__What is required__:
Only the lines below from the one with "Despite some rain, around" through the one with "to fully pursue" are to be written out, exactly and without any images.

__Information supplied__:
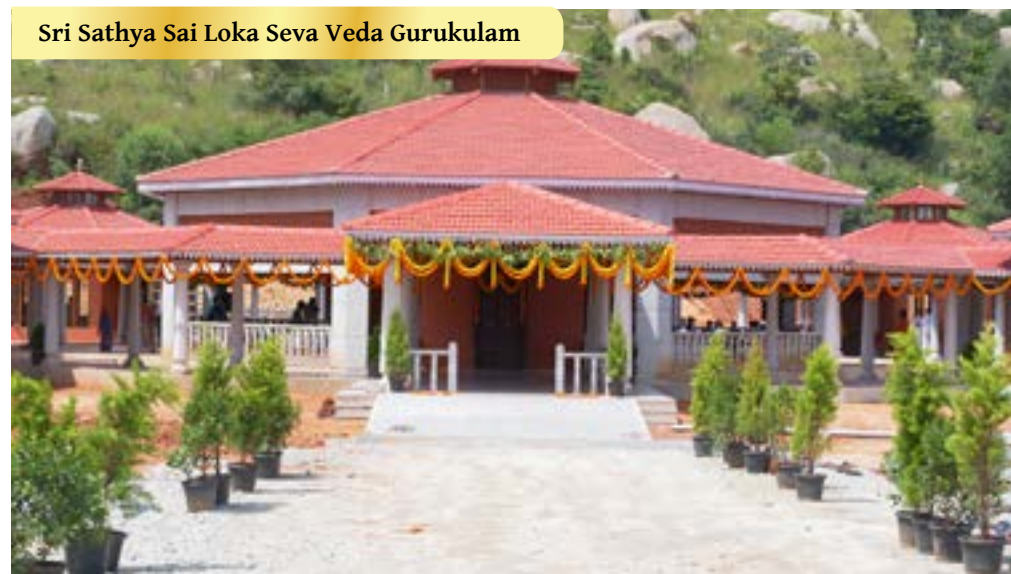
Sri Sathya Sai Loka Seva Veda Gurukulam
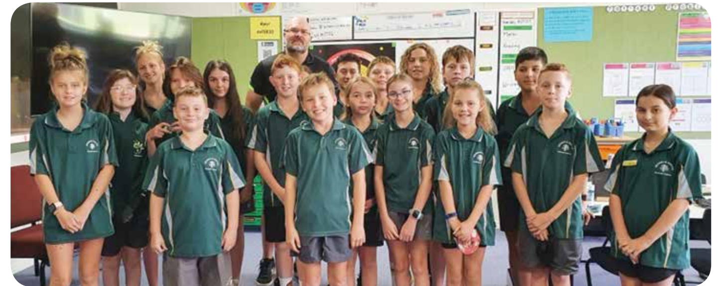
Mildura Junior NHW has started for 2022 with Irymple South Primary being the first school attended for the year
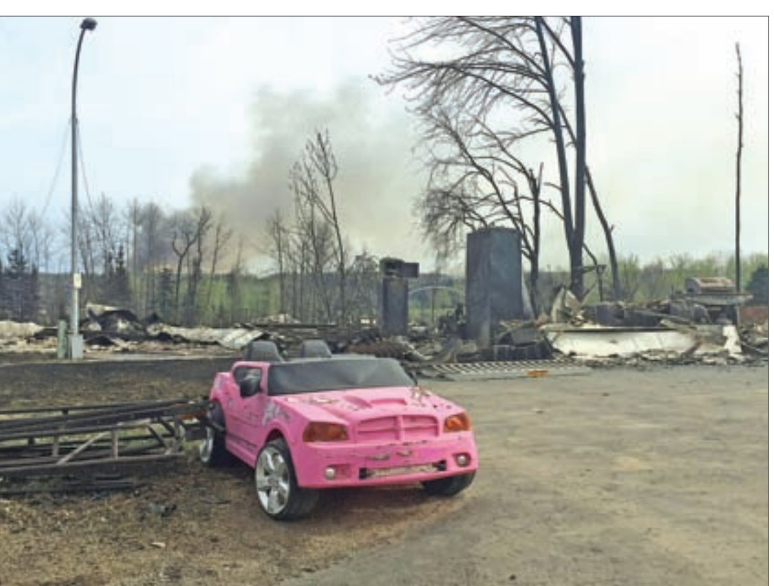
A pink car remains among the ruins of destroyed buildings after wildfires tore through the Waterways area of Fort McMurray, Alberta, Canada, on 5 May.

CNOOC Nexen's Long Lake oil sands facility and Athabasca Oil's Hangingstone project are
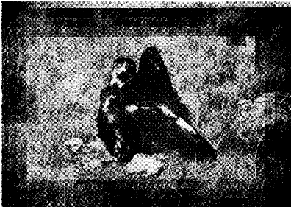
Photograph of young dark phase Ferruginous Hawk.

I searched the hillside for a nest, discovered none, but found another young bird, yet unable to fly. When I approached, it fanned its wings and hissed but was unable to stand. It was such a dark brown, it appeared black, somewhat mottled with white in the wings and tail.
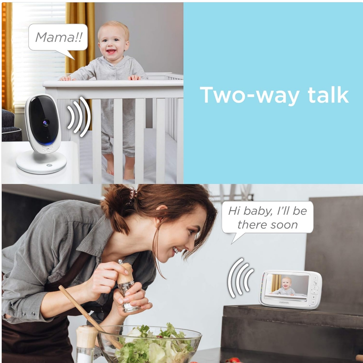
Image: A baby in a crib with a camera, and a parent speaking into the parent unit, illustrating two-way talk.
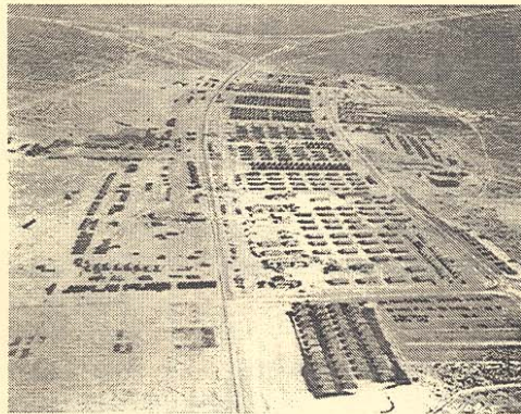
1955 Aerial Photograph of Camp Desert Rock, Nevada Test Site.

The camp was operated by the Sixth Army between 1951 and 1955 as a staging area to accommodate up to 6,000 troops from all four military services involved in training exercises associated with nuclear weapons testing on the Nevada Test Site. The camp included an airstrip (still used), approximately 100 "semipermanent" buildings and 500 tents for housing, administration, storage, and other uses. In addition to numerous aboveground fuel storage tanks located throughout the facility, there were three 10,000-gallon underground fuel storage tanks. Camp Desert Rock was dismantled after 1958, leaving the underground
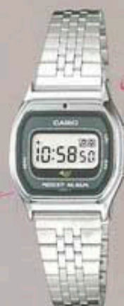
• LM-320 Module No. 123 Chrome plated
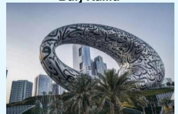
Museum of Future
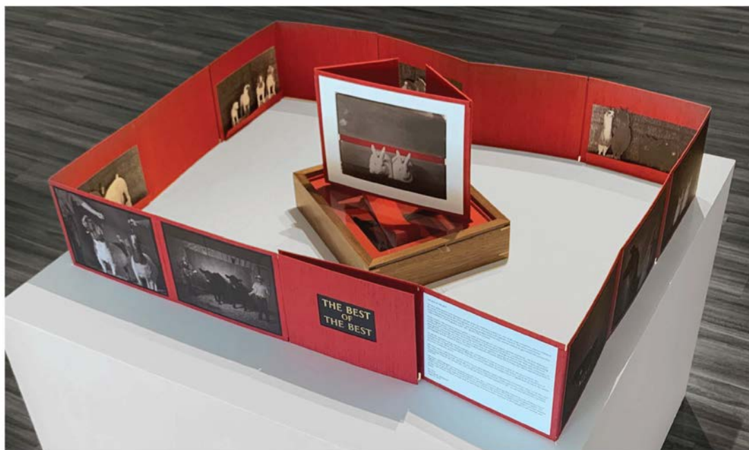
The Collector's Edition of The Best of the Best , Installation View, Burnet Fine Art & Advisory
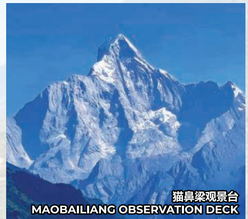
猫鼻梁观景台 MAOBAILIANG OBSERVATION DECK
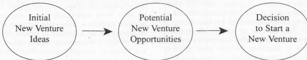
Exhibit 1 Basic Steps of the Opportunity Recognition Process

Some people come up with initial new venture ideas . After so additional thought and/or evaluation, they may recognize that their idea are potential new venture opportunities . With even further thought and consideration one may then decide to start a new venture.
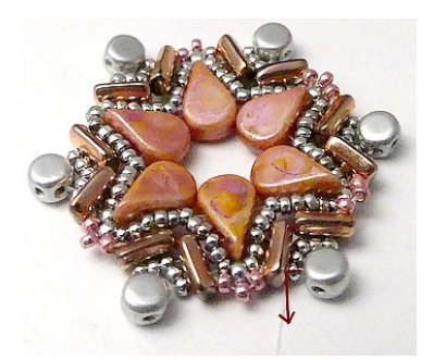
42) You'll now have this. Exit through R15
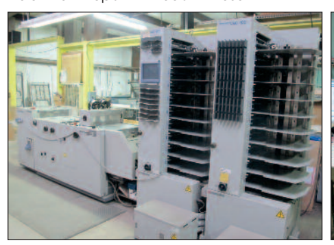
Standard Horizon Bookiet Maker #SPF-20 Stitcher Folder
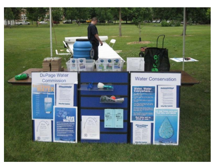
Hand-Outs Display at Green Fest

Despite some rain, around 400 people passed by our booth. The rain gauges that were dispersed were gone within the first two hours.
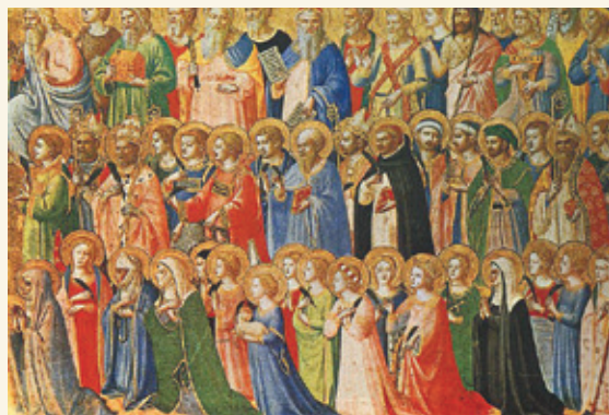
Todos los Santos, pintado por Fra Angelico.

Feliz temporada de otoño hermanos. Quizás nos queden algunas semanitas de buen sol y rico clima antes del frío, aprovechemos y disfrutemos al máximo esta bendición que nos viene de nuestro buen Padre Dios. También se acerca ya ese tiempo hermoso de fin de año con nuestras festividades llenas de colorido, tradición e historia entre ellas y para nosotros los hispanos/latinos, el -Día de Muertos y Día de Todos los Santos-. Aunque es cierto que vivimos en los Estados Unidos de América y respetamos las tradiciones del país y aprecia-
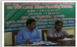
Training at Subarnapur
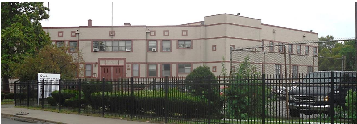
The main entry façade faces northwest toward Charlevoix and was built at a 45-degree angle to the north and west-facing wings. HDAB Photo, 2011.
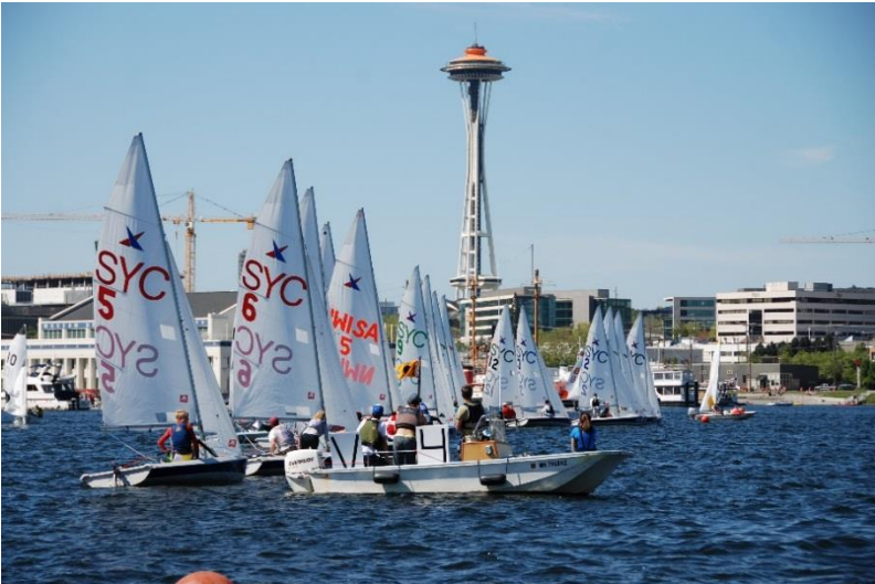
High School Sailing Championships on Lake Union.
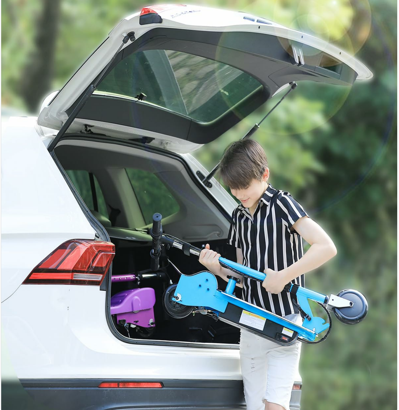
Image: A child demonstrating how the MAXTRA E120 Electric Scooter can be folded for easy storage and transport, fitting into a car trunk.
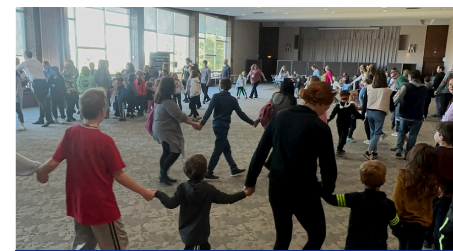
Torah Center students and their families celebrated Simchat Torah.

We are always collecting non-perishable food donations for SHIM in the boxes beside the stairwell.
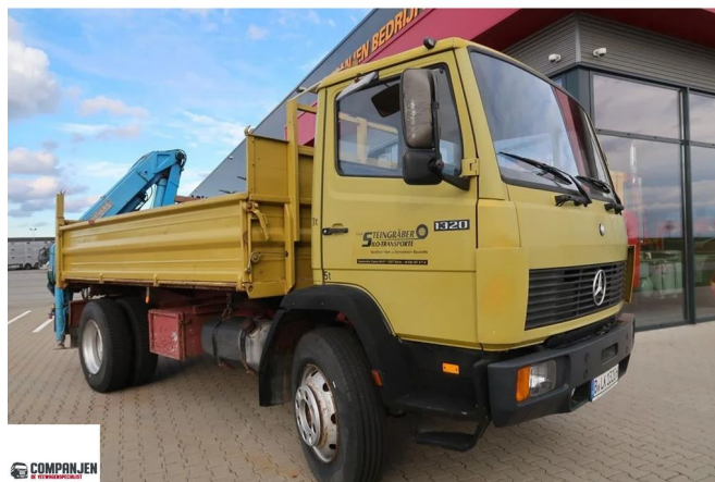
Mercedes-Benz SK 1320 SK1320 - 1988 - Side tipper - Meiller crane -... 4x2
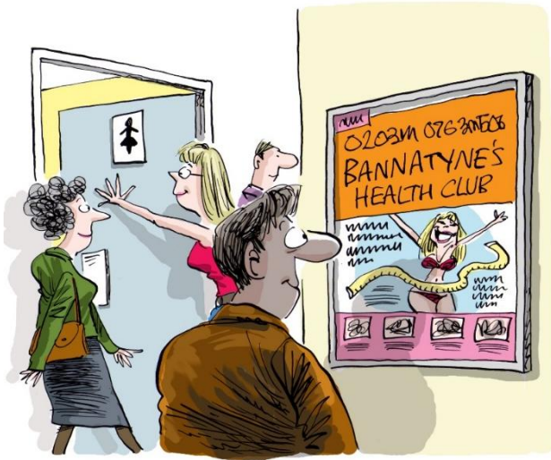
Outside busy toilets ...busy dwell areas!
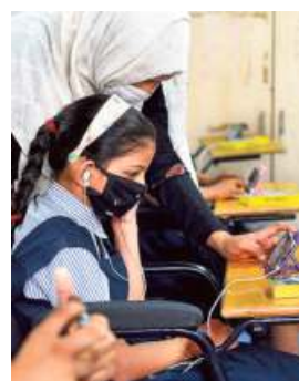
Skewed: Only a few students have been able to access online classes. ■ FILE PHOTO

"During the course of the pandemic, as schools increasingly turned to online education to avoid exposing the young children to the pandemic, the digital divide produced stark consequences... Children belonging to the Economically Weaker Sections (EWS)/Disadvantaged Groups (DG) had to suffer the consequence of not having to fully pursue
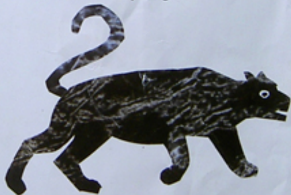
and a black panther . . .
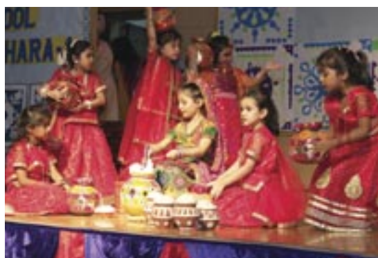
Little gopis of AIS Vasundhara 1

Chairperson's address, wherein she expressed her deep love and appreciation towards the teachers of Amity for shaping the youth. The ceremony concluded with announcement of the annual Teachers' Day Essay Contest 2022-23 winners, which saw essays penned by over 1500 Amity teachers pan India on topics: 'Modern teaching methodologies must be balanced with sound moral values for the holistic growth of a child' and 'Does the teaching profession require role models? Discuss your opinion with personal examples and experiences'. Winners of the contest were rewarded with a trophy, a stole and a cash prize of INR 5000 each.
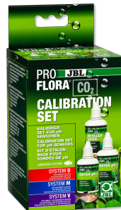
JBL PROFLORA CO2 CALIBRATION SET To calibrate and store pH electrodes
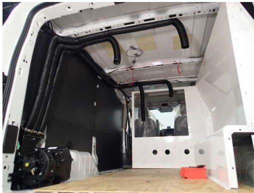
Run a single long length of hose and attach the "Y" and split the hose into two vents in driver and passenger side front ceiling. This will provide a total of four ceiling vents.
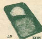
L8 鮮 竹 捲 $4.95 Bamboo Roll
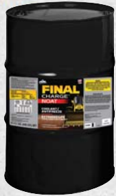
FNAOB1 55 Gallon Concentrate Drum 0-74804-05376-0
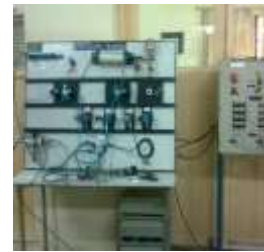
Industrial Fluid Power Lab
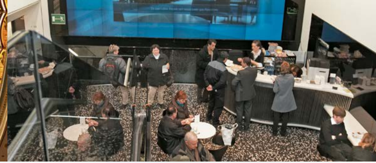
The visitor's centre
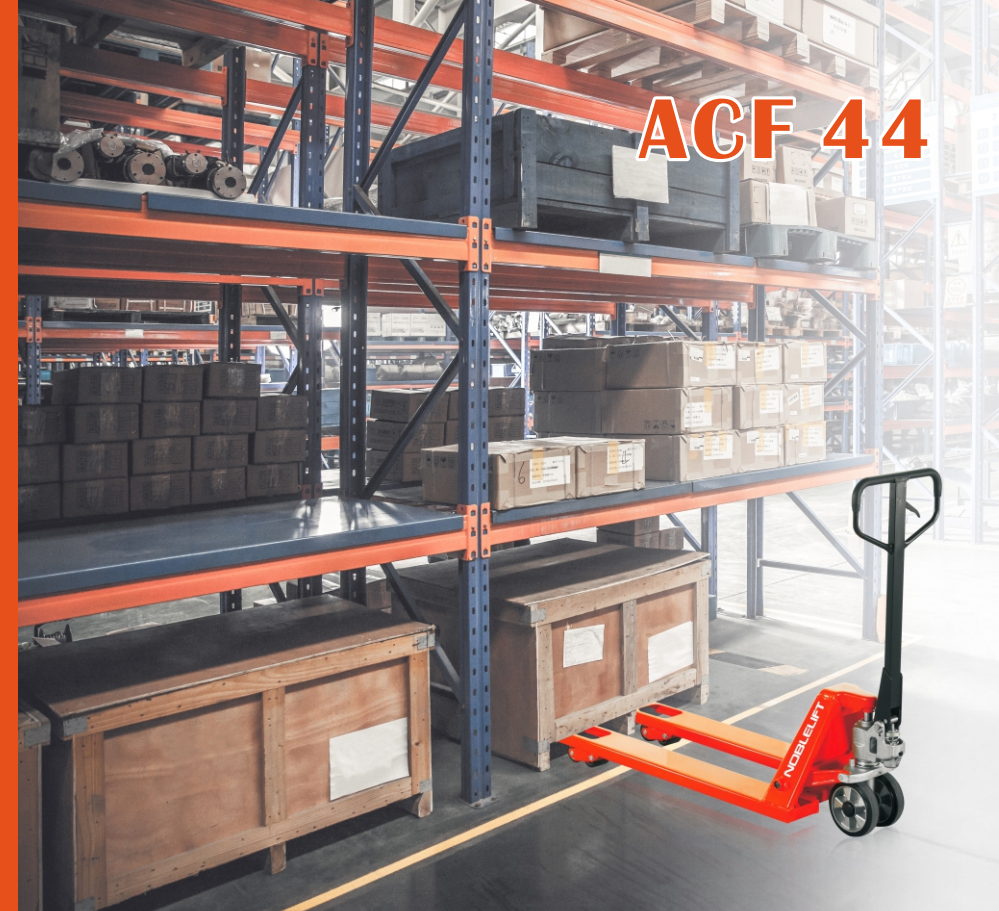
WHY CHOOSE BETWEEN PRICE AND QUALITY WHEN YOU CAN HAVE BOTH
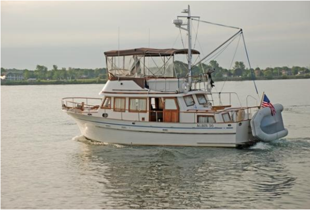
36' Albin underway port profile
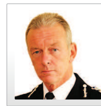
COMMISSIONER ■ Sir Bernard Hogan-Howe

STRUCTURE UNTIL APRIL 2015 WHEN: Central Area to be amalgamated into the North Area

__Response__:
Despite some rain, around 400 people passed by our booth. The rain gauges that were dispersed were gone within the first two hours.
Todos los Santos, pintado por Fra Angelico.

Feliz temporada de otoño hermanos. Quizás nos queden algunas semanitas de buen sol y rico clima antes del frío, aprovechemos y disfrutemos al máximo esta bendición que nos viene de nuestro buen Padre Dios. También se acerca ya ese tiempo hermoso de fin de año con nuestras festividades llenas de colorido, tradición e historia entre ellas y para nosotros los hispanos/latinos, el -Día de Muertos y Día de Todos los Santos-. Aunque es cierto que vivimos en los Estados Unidos de América y respetamos las tradiciones del país y aprecia-
Training at Subarnapur
The main entry façade faces northwest toward Charlevoix and was built at a 45-degree angle to the north and west-facing wings. HDAB Photo, 2011.
High School Sailing Championships on Lake Union.
Image: A child demonstrating how the MAXTRA E120 Electric Scooter can be folded for easy storage and transport, fitting into a car trunk.
Torah Center students and their families celebrated Simchat Torah.

We are always collecting non-perishable food donations for SHIM in the boxes beside the stairwell.
Mercedes-Benz SK 1320 SK1320 - 1988 - Side tipper - Meiller crane -... 4x2
Outside busy toilets ...busy dwell areas!
Skewed: Only a few students have been able to access online classes. ■ FILE PHOTO

"During the course of the pandemic, as schools increasingly turned to online education to avoid exposing the young children to the pandemic, the digital divide produced stark consequences... Children belonging to the Economically Weaker Sections (EWS)/Disadvantaged Groups (DG) had to suffer the consequence of not having to fully pursue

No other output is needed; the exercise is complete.